Valence shell electron pair repulsion theory, or VSEPR theory (/ˈvɛspər, vəˈsɛpər/ VESP-ər,[1]:410 və-SEP-ər[2]), is a model used in chemistry to predict the geometry of individual molecules from the number of electron pairs surrounding their central atoms.[3] It is also named the Gillespie-Nyholm theory after its two main developers, Ronald Gillespie and Ronald Nyholm. The premise of VSEPR is that the valence electron pairs surrounding an atom tend to repel each other and will, therefore, adopt an arrangement that minimizes this repulsion. This in turn decreases the molecule's energy and increases its stability, which determines the molecular geometry. Gillespie has emphasized that the electron-electron repulsion due to the Pauli exclusion principle is more important in determining molecular geometry than the electrostatic repulsion.[4]

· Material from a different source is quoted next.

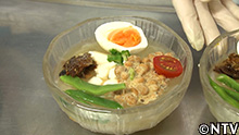 4.麺に見立てて作った細切りの大根を茹で、(3)のスープと合わせたら、自然薯・オクラ・インゲン・トマト・ゆで卵、イワシの煮付け、納豆と枝豆をブレンドしたものを盛り付ける。 |

VSEPR theory is based on observable electron density rather than mathematical wave functions and hence unrelated to orbital hybridisation,[5] although both address molecular shape. While it is mainly qualitative, VSEPR has a quantitative basis in quantum chemical topology (QCT) methods such as the electron localization function (ELF) and the quantum theory of atoms in molecules (QTAIM).[4]

History Edit

The idea of a correlation between molecular geometry and number of valence electron pairs (both shared and unshared pairs) was originally proposed in 1939 by Ryutaro Tsuchida in Japan,[6] and was independently presented in a Bakerian Lecture in 1940 by Nevil Sidgwick and Herbert Powell of the University of Oxford.[7] In 1957, Ronald Gillespie and Ronald Sydney Nyholm of University College London refined this concept into a more detailed theory, capable of choosing between various alternative geometries.[8][9]

In recent years, VSEPR theory has been criticized as an outdated model from the standpoint of both scientific accuracy and pedagogical value.[10] In particular, the equivalent lone pairs of water and carbonyl compounds in VSEPR theory neglect fundamental differences in the symmetries (σ vs. π) of molecular orbitals and natural bond orbitals that correspond to them, a difference that is sometimes chemically significant. Furthermore, there is little evidence, computational or experimental, proposing that lone pairs are "bigger" than bonding pairs. It has been suggested that Bent's rule is capable of replacing VSEPR as a simple model for explaining molecular structure. Nevertheless, VSEPR theory captures many of the essential features of the structure and electron distribution of simple molecules, and most undergraduate general chemistry courses continue to teach it.

Overview Edit

VSEPR theory is used to predict the arrangement of electron pairs around non-hydrogen atoms in molecules, especially simple and symmetric molecules, where these key, central atoms participate in bonding to two or more other atoms; the geometry of these key atoms and their non-bonding electron pairs in turn determine the geometry of the larger whole.

The number of electron pairs in the valence shell of a central atom is determined after drawing the Lewis structure of the molecule, and expanding it to show all bonding groups and lone pairs of electrons.[1]:410–417 In VSEPR theory, a double bond or triple bond are treated as a single bonding group.[1] The sum of the number of atoms bonded to a central atom and the number of lone pairs formed by its nonbonding valence electrons is known as the central atom's steric number.

The electron pairs (or groups if multiple bonds are present) are assumed to lie on the surface of a sphere centered on the central atom and tend to occupy positions that minimize their mutual repulsions by maximizing the distance between them.[1]:410–417[11] The number of electron pairs (or groups), therefore, determines the overall geometry that they will adopt. For example, when there are two electron pairs surrounding the central atom, their mutual repulsion is minimal when they lie at opposite poles of the sphere. Therefore, the central atom is predicted to adopt a linear geometry. If there are 3 electron pairs surrounding the central atom, their repulsion is minimized by placing them at the vertices of an equilateral triangle centered on the atom. Therefore, the predicted geometry is trigonal. Likewise, for 4 electron pairs, the optimal arrangement is tetrahedral.